Desde os seus inícios no cinema, Lewis fundou a sua própria produtora, "Ron-Gar" e dirigiu numerosas curtas-metragens, "pastiches" de filmes célebres (como "O Mundo a seus pés" ou "Até à Eternidade"), interpretados por si próprio e por amigos como Janet Leigh e Tony Curtis. Por outro lado, sabe-se que ele mesmo dirigiu muitos filmes e espectáculos da parelha, deixando aparecer as assinaturas de Hal Waker ou Norman Taurog para não vexar Dean Martin. Fora dos seus filmes, Jerry Lewis dá espectáculos todos os anos, durante dois meses, em Las Vegas. Na TV (onde interpretou o seu único papel em "The Jazz Singer"), além de numerosas aparições em emissões ("Today", último trabalho ao lado de Dean Martin, "Person to Person", "Youth Wants to Know", etc.), foi vedeta de "The Colgate Comedy Hour" (com Dean Martin, de 1950 a 1955), "The Martin and Lewis Show" (dirigido, entre outros, por Bud Yorkin). A 21 de Setembro de 1963, criou o "Jerry Lewis Show", filmado no "Jerry Lewis Theatre", inaugurado na circunstância. Produzido por Jerry, dirigido por John Dorsey, escrito por Lewis, Bill Richmond, Bob Howard e Dick Cavett, foi o primeiro espectáculo regular de duas horas, "em directo" da televisão americana.
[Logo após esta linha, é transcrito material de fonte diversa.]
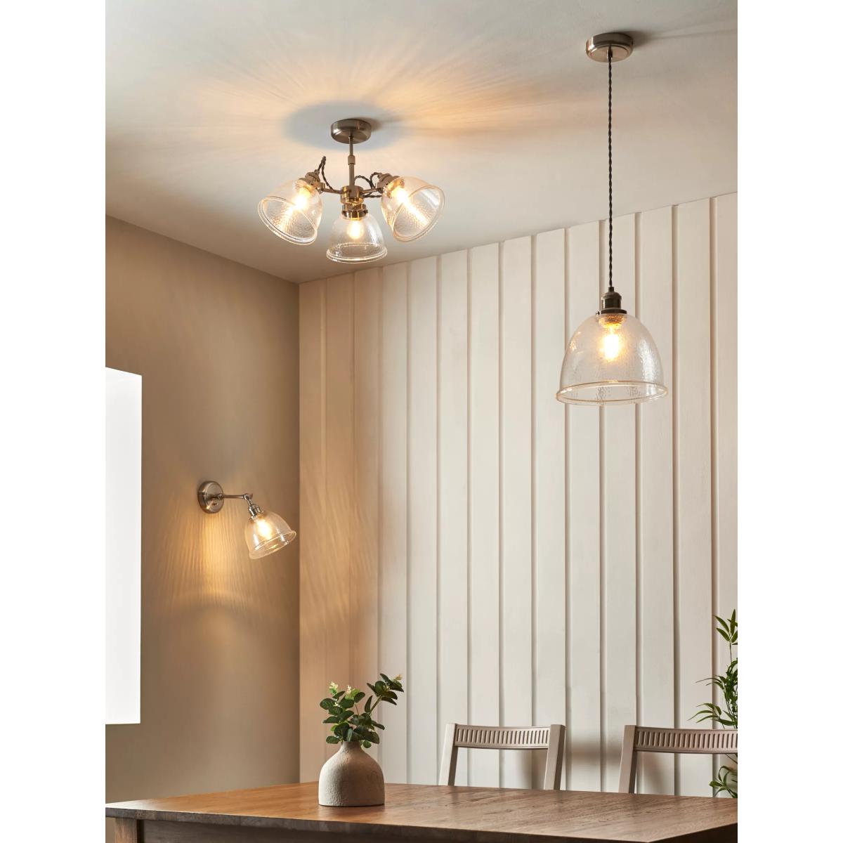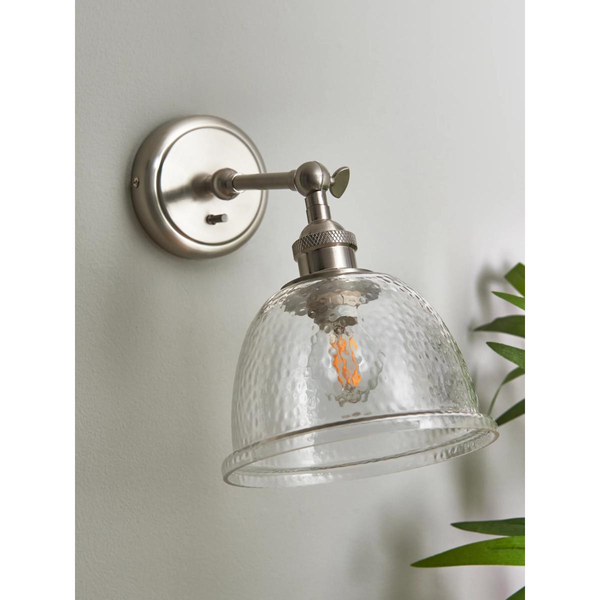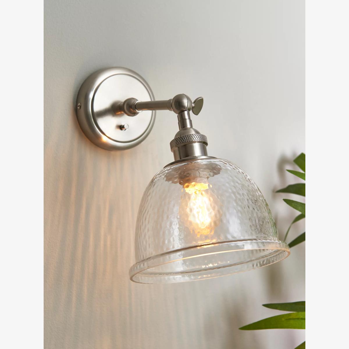 This Baldwin wall light is designed with a tilt-mechanism, making it easy to direct light exactly where you need it. The dome-shaped shade is made from textured glass and will cast a warm wash of light over your living space, whatever your interior.

Participaram nos primeiros "Jerry Lewis Shows" (a série foi interrompida, em virtude de ter sido mal recebida pelos críticos, mas também porque nela apareceriam demasiados "judeus e negros"), além de J. L. e, entre outros Harry James, Dei Moore, Jimmy Durante, Bob Stack, Jack Jones, Sammy Davis Jr., Les Browns e a orquestra, Carl Reiner, Mickey Rooney, Peter Falk, Sid Caesar, Stanley Kramer, etc.
Jerry Lewis possui uma estação de rádio privada: a K.J.P.L.É ainda a figura principal de um magazine de "histórias em quadradinhos" que tem o seu nome. Gravou igualmente vários discos e fundou um curso de arte dramática. Utiliza os alunos nos seus filmes. Todas as películas interpretadas por Jerry Lewis (até 1965) foram produzidas pela Paramount, em geral por Hal Wallis e depois pelo próprio Jerry Lewis. A sua casa produtora chamou-se primeiramente York-Films e depois Jerry Lewis Films Incorporated. A partir de 1965, o actor preferiu produzir inteiramente os seus filmes e entregá-los depois a uma companhia que os distribui internacionalmente. Caso da Columbia, para “Uma Poltrona para Três” e “O Charlatão”; caso de United Artists para “One More Time”, por exemplo.
Jerry tentou igualmente a construção de uma cadeia de pequenos cinemas. Os E.U.A. e o Canadá chegaram a contar mais de cem salas e inaugurou o primeiro "Jerry Lewis Cinema" na Europa, em Paris. A partir dos anos 70, a sua estrela deixou de brilhar tão intensamente. Filmes como “Vai Trabalhar, Malandro!” ou “Jerry Tu és Louco” foram relativos fracassos de bilheteira. Alguns cineastas lembram-se dele para aparições de homenagem, como em “O Rei da Comédia”, de Martin Scorsese (1982), “Cookie”, de Susan Seidelman (1989), “Sábado à Noite”, de Billy Crystal e “Arizona”, de Emir Kusturica (ambos de 1992) ou “Comédia Louca”, de Peter Chelsom (1995). Presentemente anunciam-se projectos onde vai surgir: “The Trust”, de Alex Brewer, Ben Brewer (2016), ou “Big Finish”, do argentino Martin Guigui (em preparação).

Principais filmes:
1. Filmes da dupla Jerry Lewis / Dean Martin
1949: My Friend Irma (A Minha Amiga Irma), de George Marshall; 1950: My Friend Irma Goes West (A Minha Amiga Maluca), de Hal Walker; At War with the Army (Recrutas...Sentido!), de Hal Walker; That's My Boy (Eles no Colégio), de Hal Walker; 1952: Sailor Beware (Marujo, o Conquistador), de Hal Walker; Jumping Jacks (Os Heróis do Medo), de Norman Taurog; 1953: The Stooge (O Estoira-Vergas), de Norman Taurog; Scared Stiff (O Castelo do Terror), de George Marshall; The Caddy (O Grande Jogador), de Norman Taurog; 1954: Money From Home (Dinheiro em Caixa), de George Marshall; Living it Up (O Rapaz Atómico), de Norman Taurog; Three Ring Circus (O Rei do Circo), de Joseph Pevney; 1955: You're Never Too Young (Barbeiro e Professor), de Norman Taurog; Artists And Models IPintores e Raparigas), de Frank Tashlin; 1956: Pardners (O Rei do Laço), de Norman Taurog; Hollywood or Bust (Um Espada para Hollywood), de Frank Tashlin.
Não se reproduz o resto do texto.